A lot of that's going on in the UK at the moment.
And I'm just going to say to people, I have the backing and the confidence to know that my position is a good one.
So I'm impartial.
And whenever I commission someone, I say, I don't want you to tell me what I want to hear.
I want you to tell me what It's the truth.
So we're going to release over the next few months several papers that will give people the power to decide what they think.
I hope to create discussions in people's houses and homes and dinner tables and hearts, not me bang a drum saying that I know what the answer is.
I don't know what the answer is, and my views are not the answer.
The answer is the conversation, and I'm just one of millions and millions of voices.
Where can people get more information about this movement that you're leading?
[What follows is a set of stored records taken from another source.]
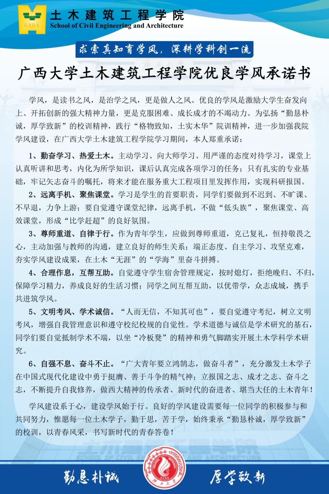 为弘扬“勤恳朴诚,厚学致新”的校训精神,践行“格物致知,土实木华”院训精神,进一步加强我院学风建设,12月19日下午,伟德国际victor1946于大型结构试验平台第六报告厅举行“优良学风建设动员大会暨优良学风承诺书签署仪式”。学院党委副书记银宁,团委书记李道洋,团委副书记潘桂祯、王纪坤,学工组何冉老师,以及各班班长、团支书、学习委员、学生代表等参加本次活动。
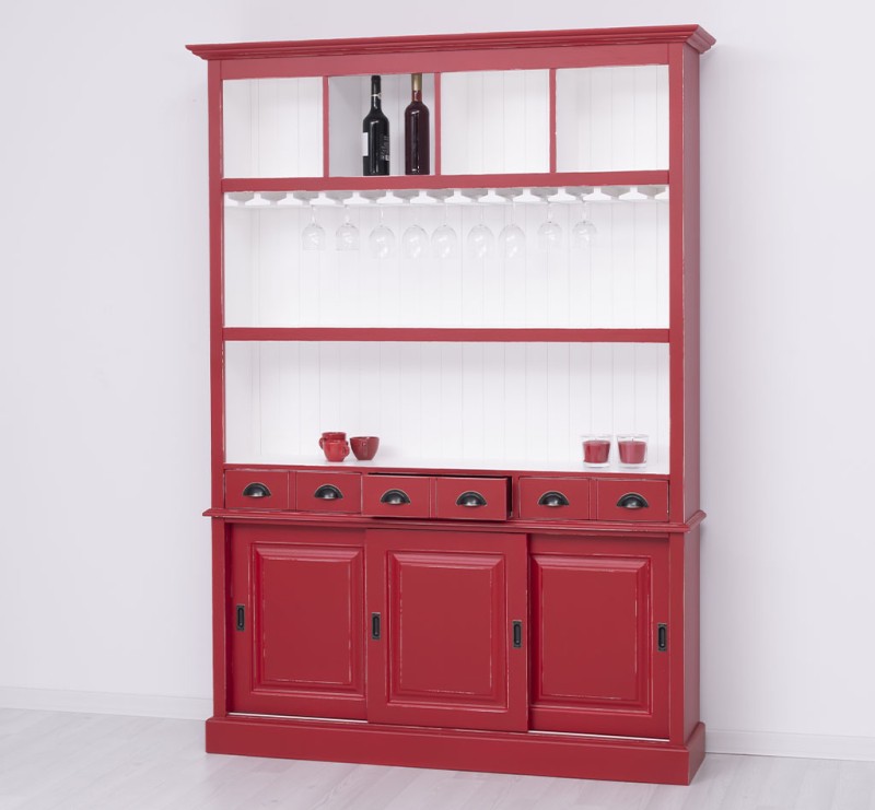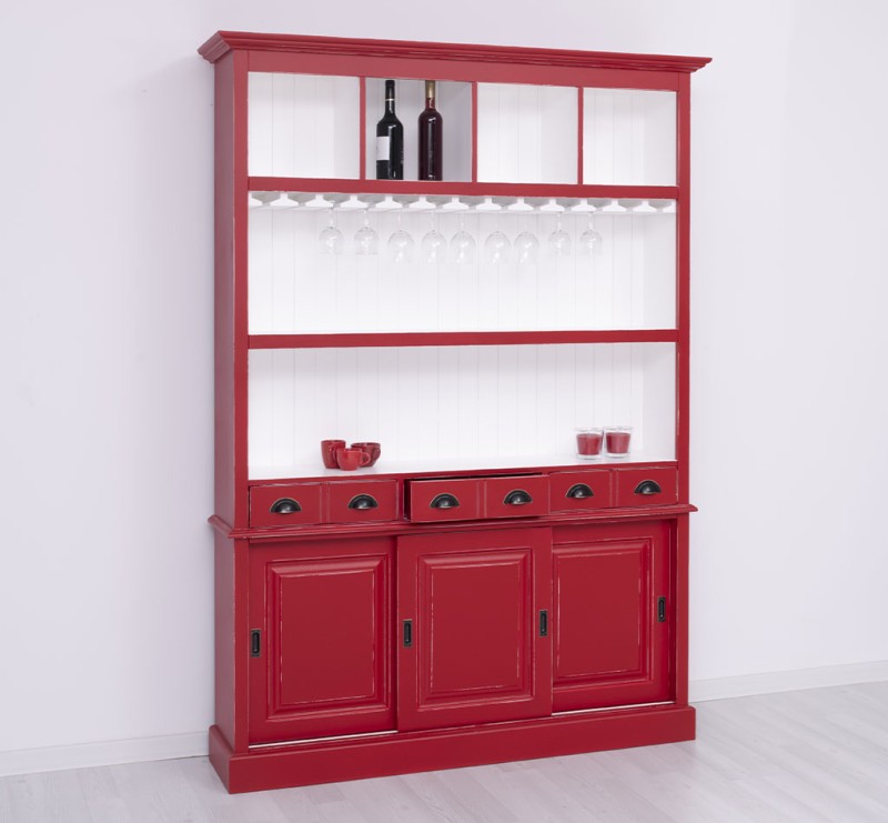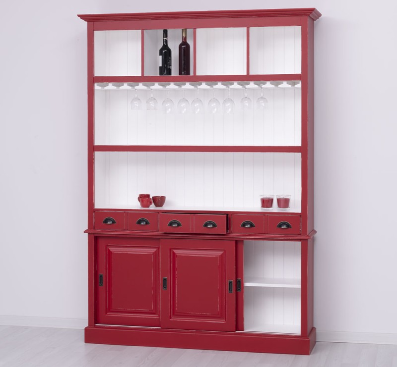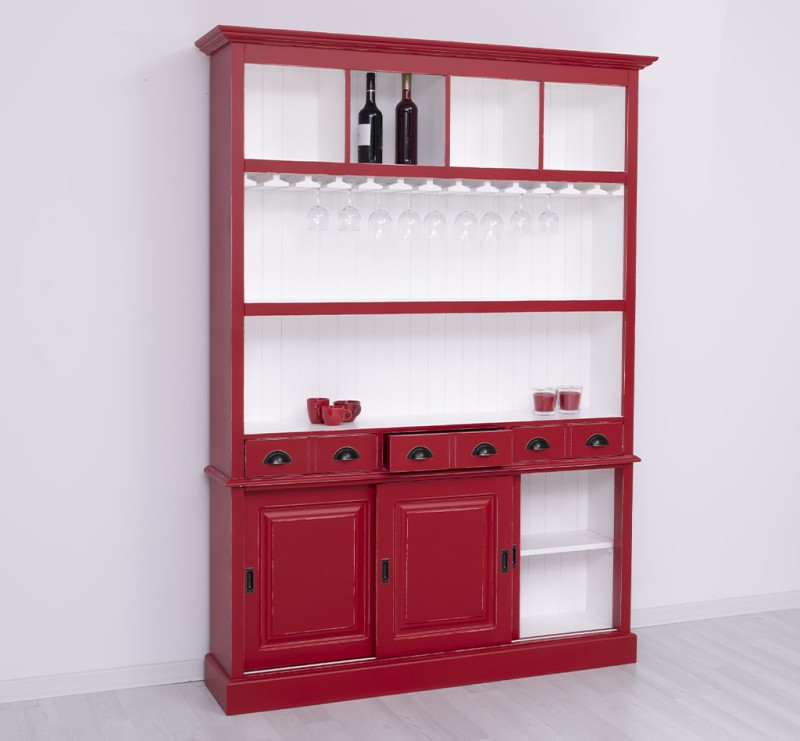Dieser Barschrank im Landhausstil ist ein hochwertiges, zeitloses Möbelstück, welches in Ihrem Haus einen prägenden Eindruck hinterlässt und eine gute Figur macht. Das Möbelstück vereint auf elegante Weise Funktionalität und Ästhetik. Es bietet Stauraum hinter drei Schiebetüren im unteren Bereich, sowie in den sechs Schubladen. Zusätzlich bietet es im oberen Teil mit zwei festen Regalen, einem Glasauflageboden und vier Fächern für Flaschen eine großzügige Präsentationsfläche.
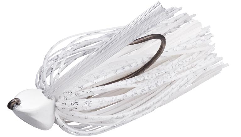 琵琶湖ビッグフィッシュ対応ヘビーワイヤーかつトレーラーの動きを殺さない長すぎないシャンクの4/0(1/4oz、3/8oz、1/2oz、5/8oz共通)フック。実釣テストから導き出されたアイポジション&角度によりすり抜けの良さと適度なスタック感を両立。さらに、フッキング時にフックの刺さる位置を安定させる効果があり、ビッグバスの上顎をしっかりと捉えます。

So they can follow me, which is as long as on Twitter, as long as they don't mind videos of my annoying dogs, who I love, or the Reclaim Party on Twitter.
And I think the Reclaim Party Reclaimparty.co.uk is that.
And we have Facebook and all of these things as well.
But yeah, you'll find us.
If you type in the Reclaim Party, you'll end up staring at a picture of my ugly mug.
Any final thoughts before we finish up, Lawrence?
Well, I'm so pleased that I was introduced to you, Jan, actually, because my dad, who's...
I've got so much...
Well, that's very, very kind words, Lawrence, and such a pleasure to have you on.